Осколок звякнул в лоток. Все в операционной услышали этот звук. Маленький. Металлический. Точку.
— Давление 85, — сказал Гоша. — 90. Ритм синусовый. Ты... это сделал.
— Ничего я не сделал, — сказал Иван. — Это было вступление. У него гемоторакс, разбито 2 сегмента лёгкого, межрёберная артерия где-то фонтанит, я её пока пальцем держу, и перикард надо решить, чтобы не было тампонады потом. Работаем. Кто устал — меняйтесь, я никого не держу.

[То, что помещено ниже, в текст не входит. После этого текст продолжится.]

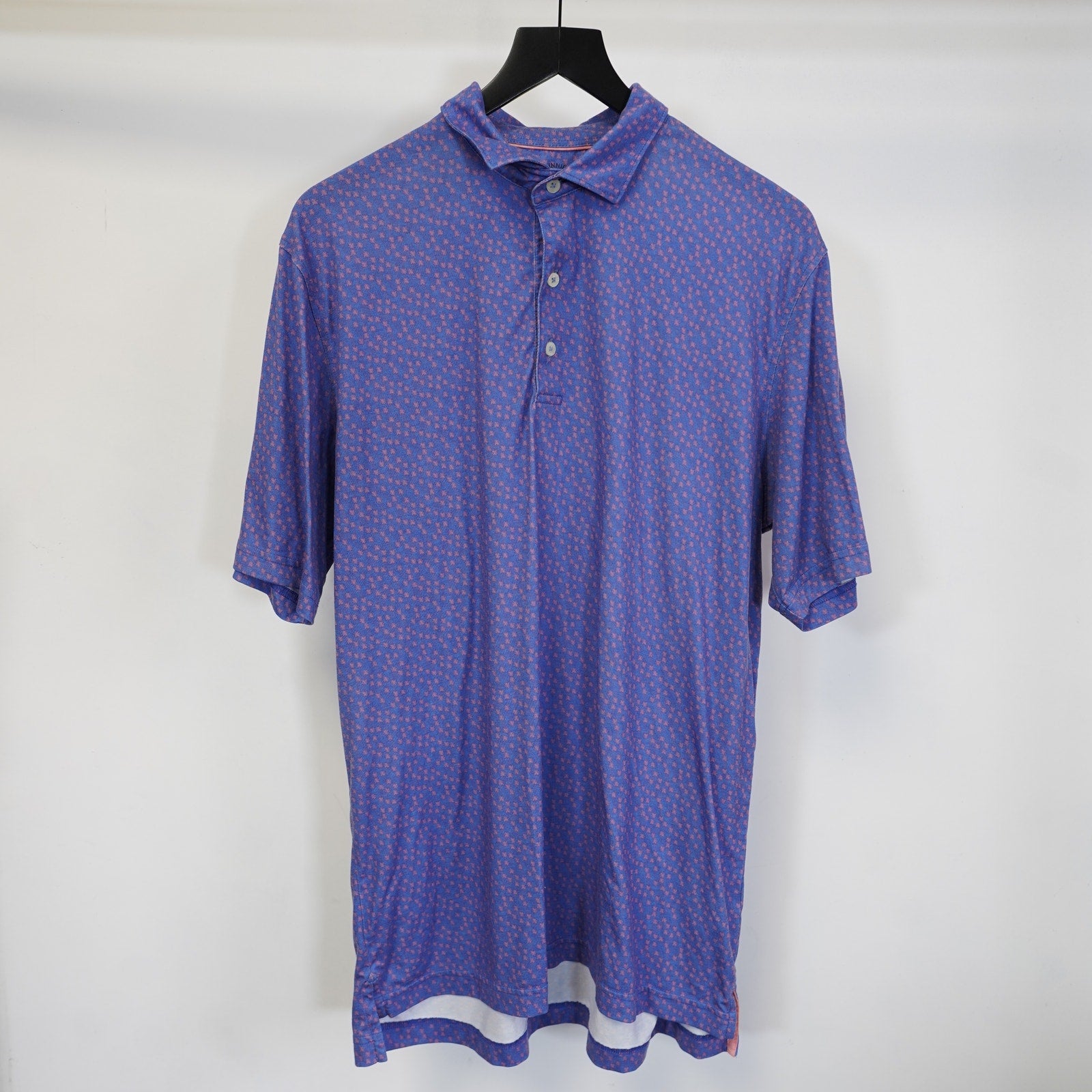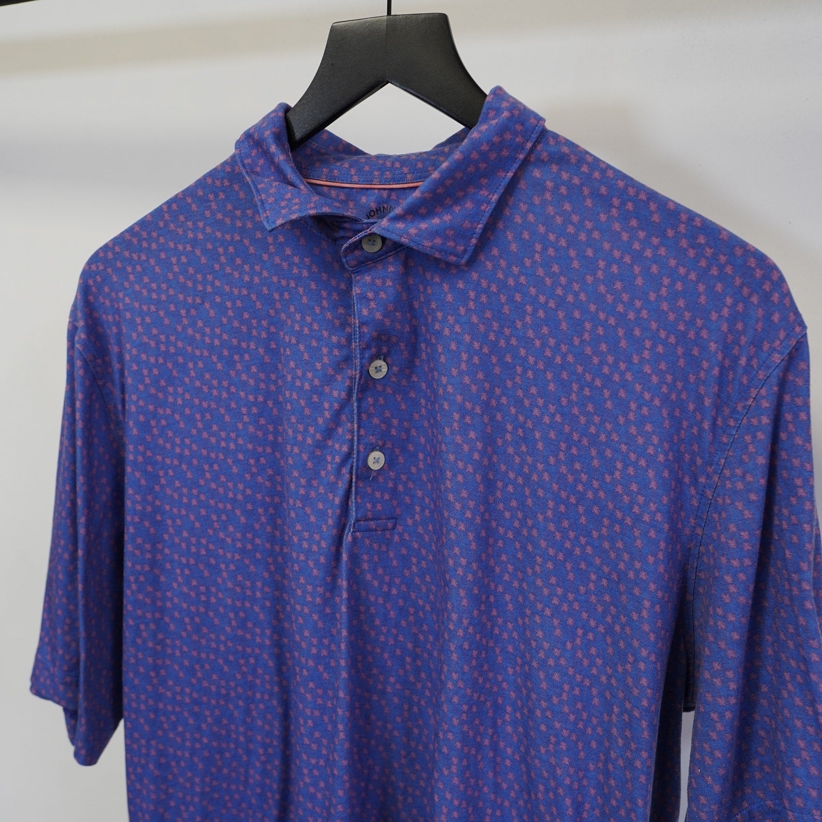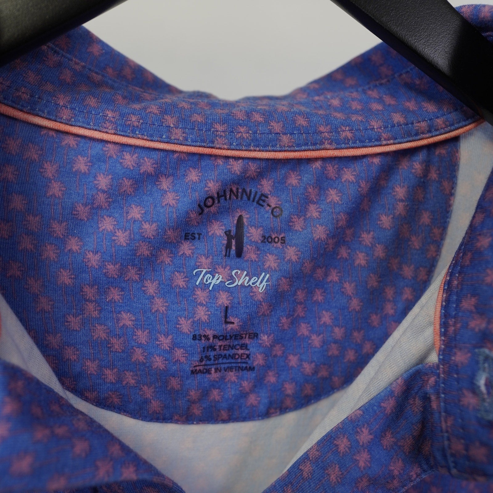 (L) Johnnie-O Top Shelf Palm Tree Golf Performance Polo Shirt Men's L Blue Pink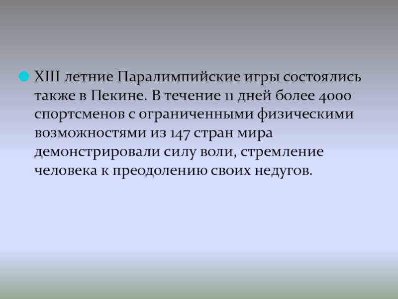 XIII летние Паралимпийские игры состоялись также в Пекине. В течение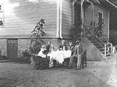 Spigården (N V) före 1911. Huset före det som är omskrivet vid bild nr A145230_469. Uppfördes på 1840-talet, revs 1911. Fr.v: 1. Astrid 2. Nils 3. Johan Napoleon Johansson /(sbf 1900 f 1877) 4. h.h. Maria Johansson 5. Miriam (på stolen) 6. Stina / (sbf 1900 Stina Lisa Nilsdtr f 1843) 7. Gustav Johansson, bror till nr 3. /( sbf 1900: Gustaf Adolph f 1878) 8. Johannes Johansson / sbf 1900 Johannes Karlsson f 1843, far till 3 o 7, make till 6)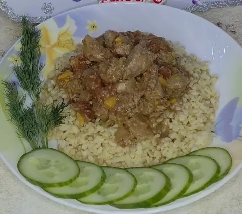 Спустя час, необходимо открыть крышку и добавить соль, сахар, уксус и специи: молотый кориандр и черный перец. Все тщательно перемешивается, накрывается крышкой и тушится еще 60 минут.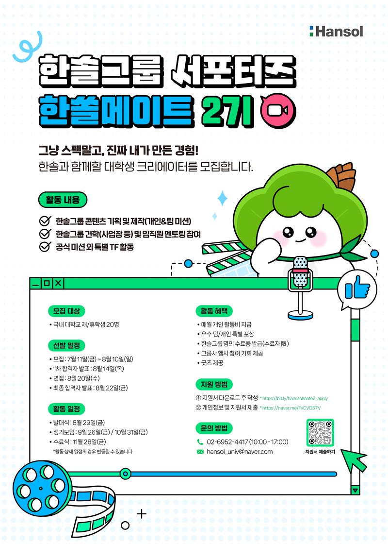 - 지원서 다운로드 링크: https://bit.ly/hanssolmate2_apply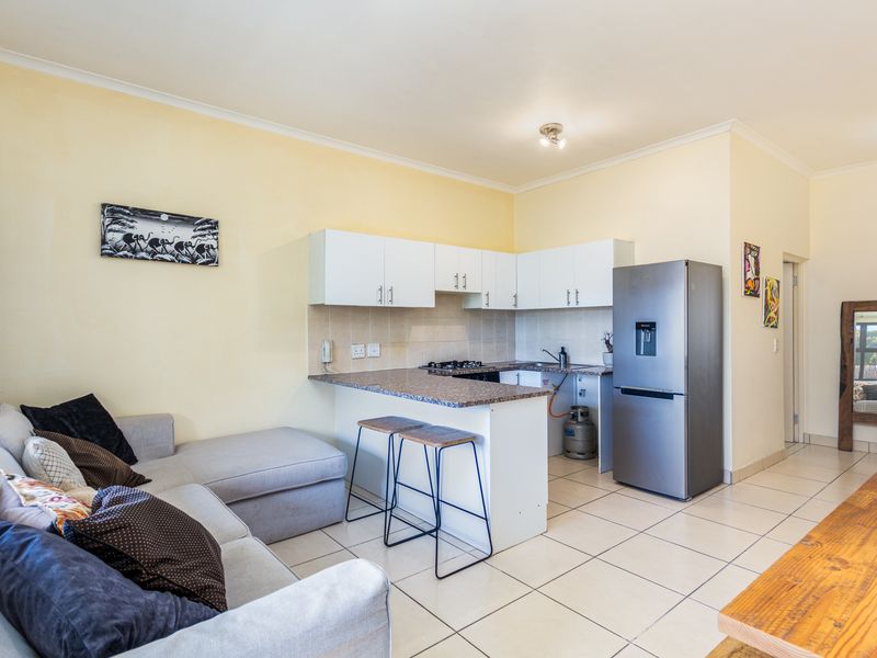 Relaxed lock-up-and-go village living in sought-after Rondebosch Village, with a sunny private back garden and bright separate lounge — two bedrooms, one bathroom, off-street parking.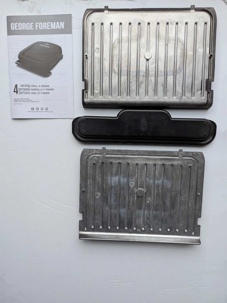 George Foreman replacement plates panini grill 4 servings. pictures of the entire George Foreman is only for reference. I'm only selling the plates.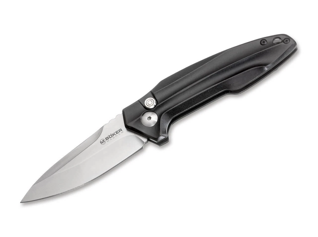 Der Name des Magnum Final Flick Out bringt zum Ausdruck, dass die Qualität eines Springmessers in diesem Preissegment nicht mehr zu steigern ist. Der absolut spielfreie Klingengang und die unwahrscheinlich kräftige Feder sowie der trocken und präzise ansprechende Druckknopf waren in dieser Klasse bisher nicht vorstellbar. Hinzu kommt ein meisterhaftes Design, welches das Taschenmesser mit schwarzem Griff zu einem flachen Handschmeichler mit Suchtfaktor werden lässt. Die Spearpoint-Klinge mit ausgeprägter Fehlschärfe wird aus rostfreiem 440A–Edelstahl gefertigt. Ein gefällig integrierter Clip (Tip-up) und eine Fangriemenöse runden die Ausstattung des Messers ab.

Никто не поменялся. Ни через 1 час, ни через 2.
Часов в операционной не было слышно — было слышно другое: как расходуются вещи. Как пустеют и падают в таз флаконы. Как сестричка у столика вскрывает упаковки со стерильными салфетками — сухой рвущийся звук, раз за разом, снова и снова, — и как растёт на её стойке столбик пустых обёрток. Как Гоша меняет мешки с кровью — 4-я доза, 6-я, 8-я, — и как за дверью, в коридоре, кто-то бегом несёт из отделения переливания ещё, и слышен топот, и сдавленный голос: "В 3-ю, в 3-ю, живее". Как 2 раза взвыла и стихла сирена под окнами — приёмный покой жил своей ночью, туда везли других, и чьи-то каталки грохотали мимо дверей, и чей-то женский голос кричал в коридоре: "Пустите меня к нему, пустите", — и его уводили, и он затихал за поворотом.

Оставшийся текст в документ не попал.